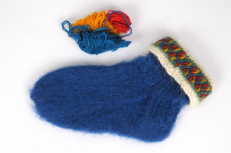 • Socka av lovikkagarn i blått och vitt, annat ullgarn: grönt, rött och turkos. Stickade på 4 stickor, sydd dekoration på skaftet (kråkspark).
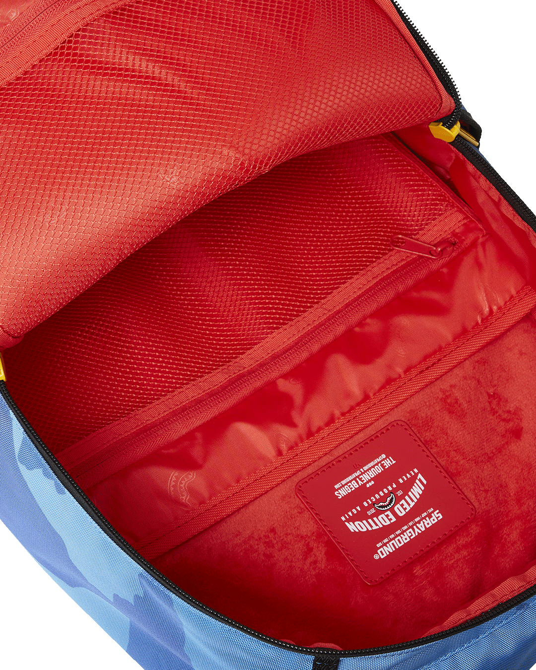 Dimensions: 18" x 6" x 11.5" • Front zipper pocket • Side pockets • Zippered Stash pocket • Separate velour sunglass compartment • Ergonomic mesh back padding • Adjustable Straps for custom sizing • Gold zippers with metal hardware • Metal "Sprayground Authentic" badge • Slide through back sleeve connects to carry-on luggage to free your hands
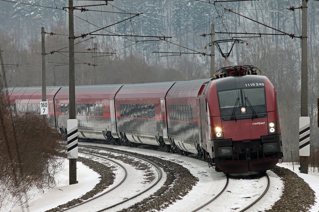 In wenigen Minuten wird die 1116 248 mit Railjet 652 (Graz - Wien Meidling) am 15.02.2013 ihren nächsten Anhaltebahnhof Bruck/Mur erreichen.
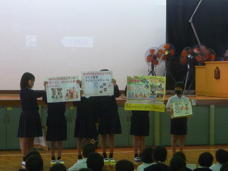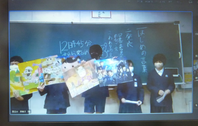 今日は、給食時間を利用して児童集会を行いました。気温も低かったため、テレビ会議方式で各教室をつなぎました。図書委員会のみなさんからは読書パズルの結果の報告。のびっこ会のみなさんからは共同募金の結果の報告がなされました。二学期の児童会活動も盛りだくさんでした。「すすんで、自分で、自分たちで」のスローガンのもと、頑張り、学校を引っ張ってくれた子供たちでした。
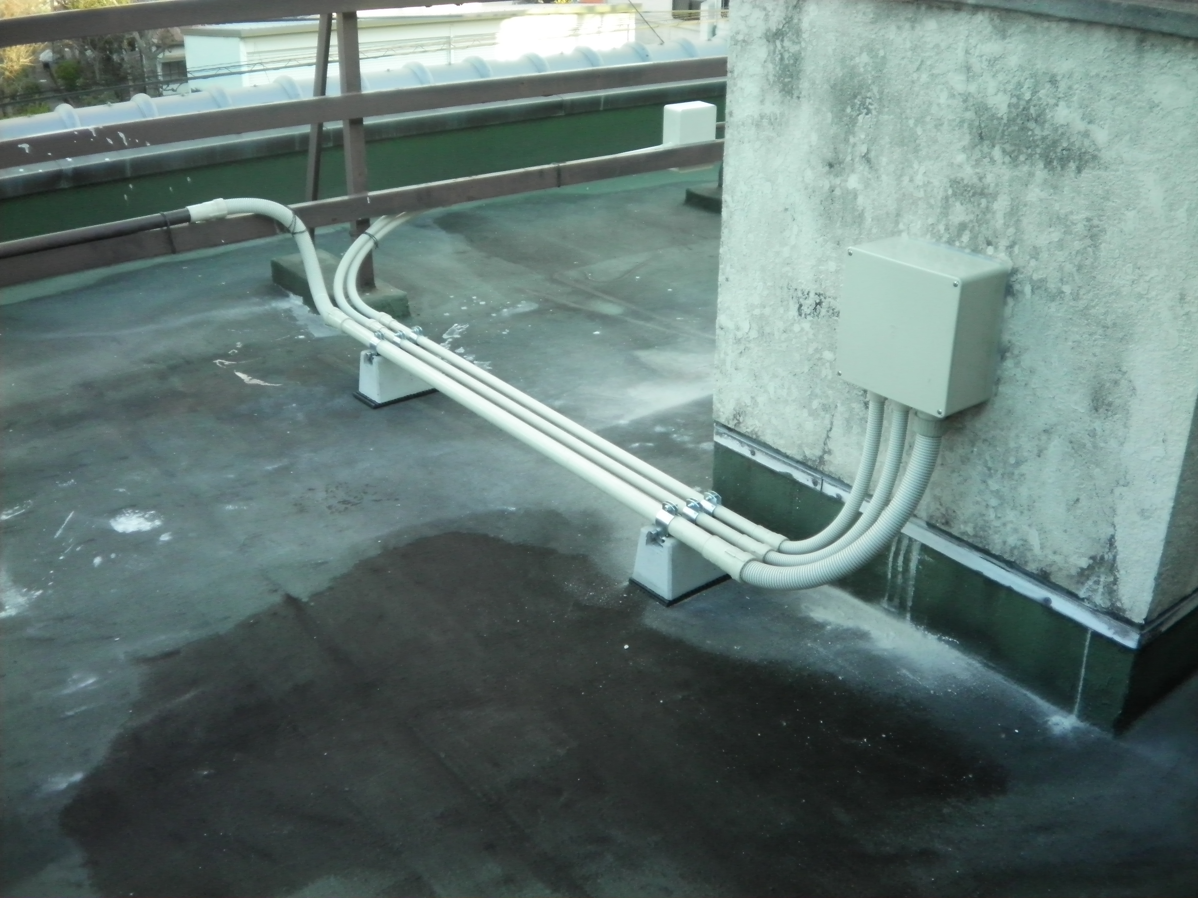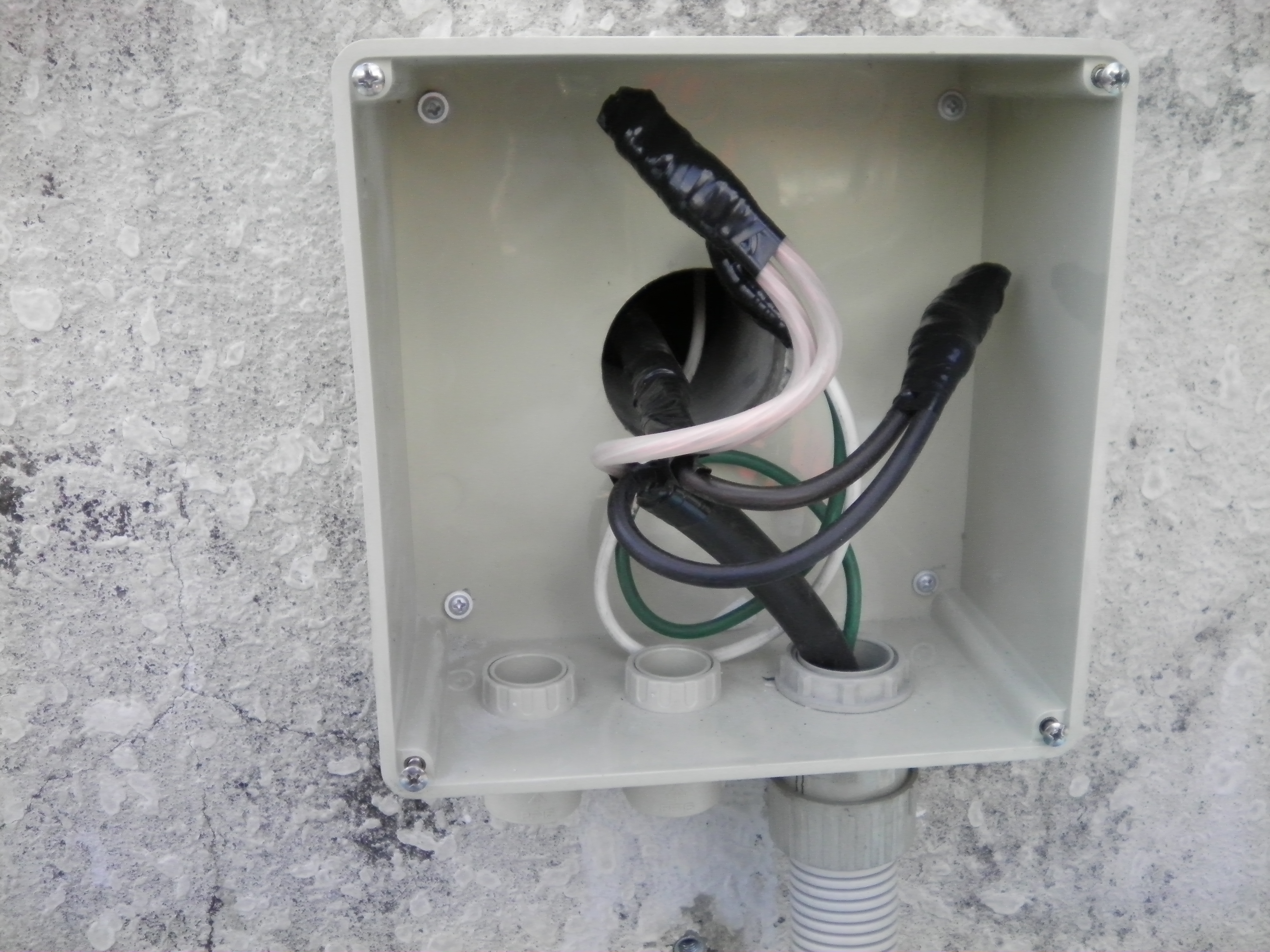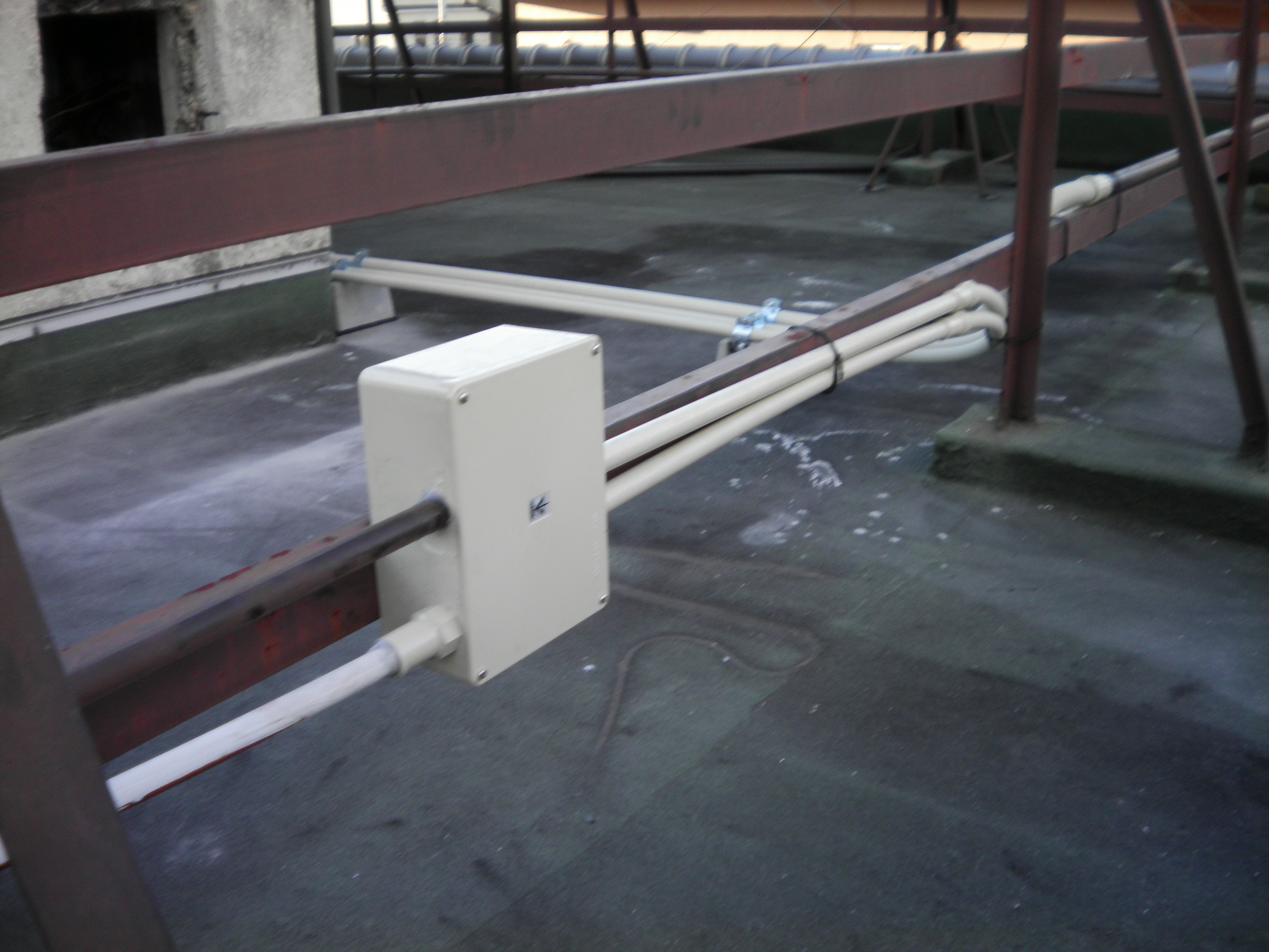 それぞれの電線をボックス内で接続し、配管も塩ビ、PF管を使い
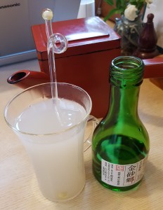StandardShin and Mei-Shun ate out for the first time in as long as 3 months on weekend. いしじま, their favorite peanut shop and soba restaurant located nearby, looked quite fine even in such a rainy day. The wife found a soba shochu, distilled spirit on a menu, ordered a small bottle to be diluted by 蕎麦湯=soba-yu, hot water used to boil the noodle. Hmm, it is not bad.
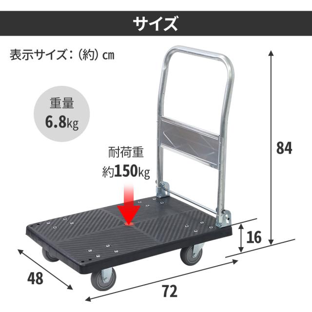 【キャスター固定可能】 台車 耐荷重 150kg キャリーカート 手押し台車 平台車 コンパクト 移動 転がす 荷物 積荷 荷車
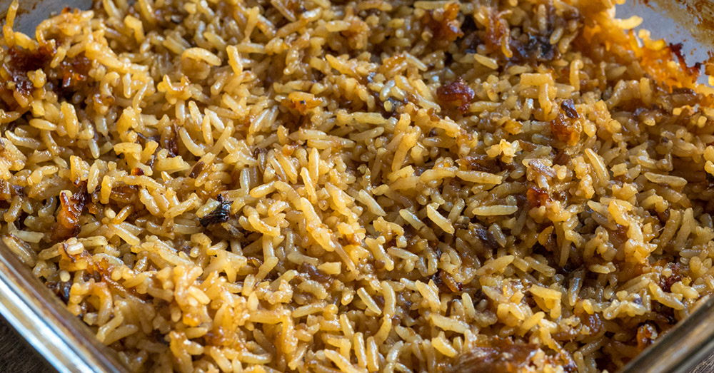 Cocinar arroz en la estufa puede ser un poco estresante ya que nunca estás seguro de cuándo se ha cocinado todo el líquido, pero este método es mucho más indulgente, incluso si el tiempo de cocción es un poco más largo. Todo lo que necesitas hacer es mezclar tres ingredientes: arroz, una lata de sopa de cebolla francesa y una lata de caldo de res, y agregar un trozo de mantequilla en rodajas.
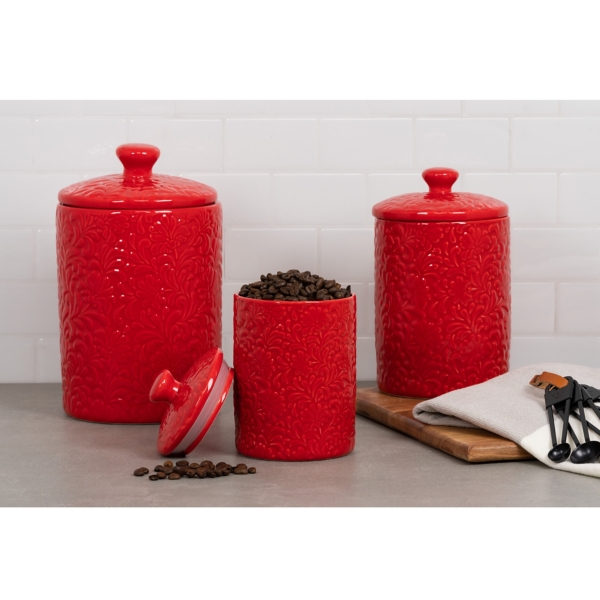 Ceramic Canister Sets For Kitchen Red - Kitchen Canisters Canister Sets Kirklands - Whatever your kitchen theme you can get something that's going to fit in perfectly, from retro use these painted ceramic canisters to hold snacks and ingredients or small kitchen necessities.
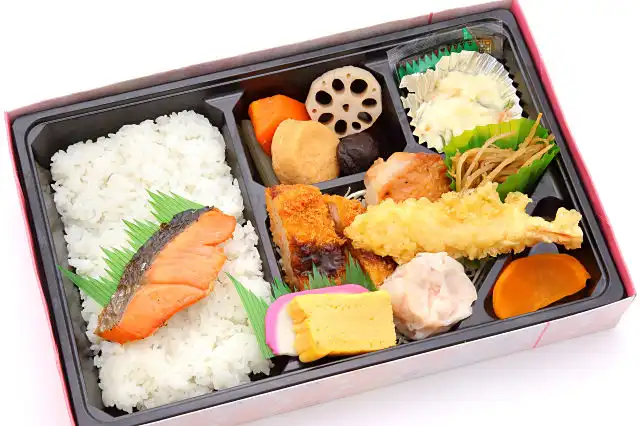 煮物、ポテトサラダ、季節の揚げ物、チキンステーキ、きんぴらごぼう、天ぷら、焼売、かまぼこ、玉子焼き、漬物、醤油
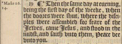 19 ¶ *Then the same day at euening, being the first day of the weeke, when the doores were shut, where the disciples were assembled for feare of the Iewes, came Iesus, and stood in the midst, and saith vnto them, Peace bee vnto you.[*Marke 16.14.]
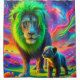 Esta cortina de ducha tiene un diseño de león fresco.
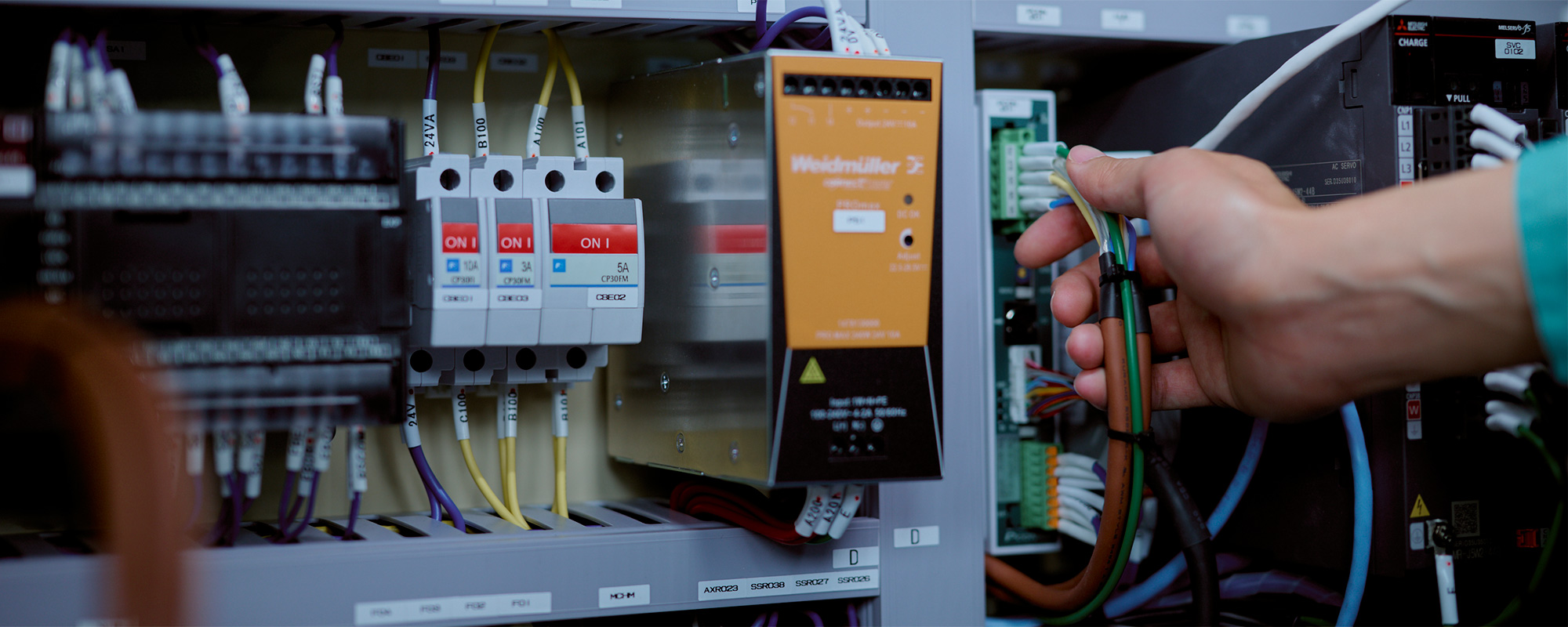 装置の電気設計や調整のために、デスクと現場を行ったり来たりしながら作業をしています。仕事は丁寧に、プライベートの時は楽しくと、切り替えがしっかりしているのが当社の魅力です。
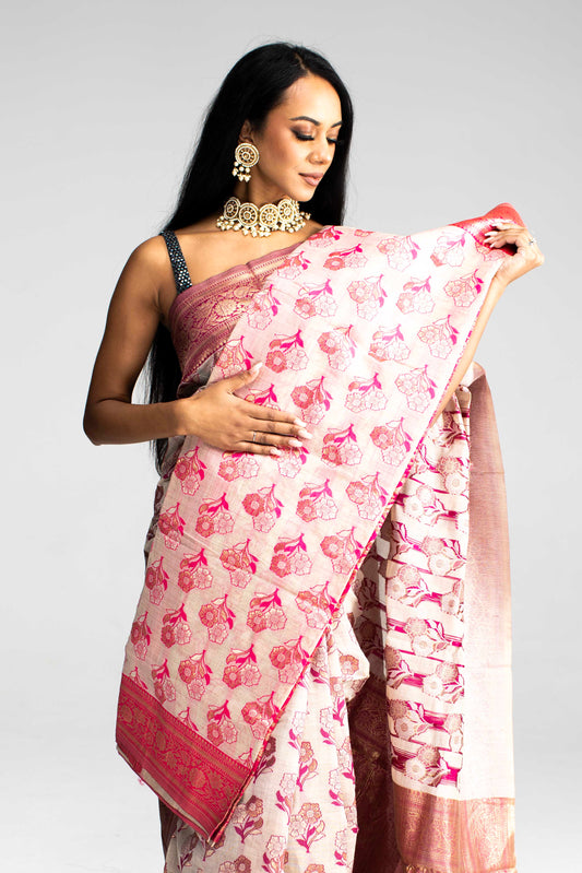 Peach Silk Saree with Floral Zari Work - ON SALE

_ _ _

Instructions for the task:
The reply should consist only of the lines from the top of the material above through the line with "転がす 荷物 積荷 荷車", printed exactly, pictures omitted.

Answer space:
 • Socka av lovikkagarn i blått och vitt, annat ullgarn: grönt, rött och turkos. Stickade på 4 stickor, sydd dekoration på skaftet (kråkspark).
 Dimensions: 18" x 6" x 11.5" • Front zipper pocket • Side pockets • Zippered Stash pocket • Separate velour sunglass compartment • Ergonomic mesh back padding • Adjustable Straps for custom sizing • Gold zippers with metal hardware • Metal "Sprayground Authentic" badge • Slide through back sleeve connects to carry-on luggage to free your hands
 In wenigen Minuten wird die 1116 248 mit Railjet 652 (Graz - Wien Meidling) am 15.02.2013 ihren nächsten Anhaltebahnhof Bruck/Mur erreichen.
 今日は、給食時間を利用して児童集会を行いました。気温も低かったため、テレビ会議方式で各教室をつなぎました。図書委員会のみなさんからは読書パズルの結果の報告。のびっこ会のみなさんからは共同募金の結果の報告がなされました。二学期の児童会活動も盛りだくさんでした。「すすんで、自分で、自分たちで」のスローガンのもと、頑張り、学校を引っ張ってくれた子供たちでした。
 それぞれの電線をボックス内で接続し、配管も塩ビ、PF管を使い
StandardShin and Mei-Shun ate out for the first time in as long as 3 months on weekend. いしじま, their favorite peanut shop and soba restaurant located nearby, looked quite fine even in such a rainy day. The wife found a soba shochu, distilled spirit on a menu, ordered a small bottle to be diluted by 蕎麦湯=soba-yu, hot water used to boil the noodle. Hmm, it is not bad.
 【キャスター固定可能】 台車 耐荷重 150kg キャリーカート 手押し台車 平台車 コンパクト 移動 転がす 荷物 積荷 荷車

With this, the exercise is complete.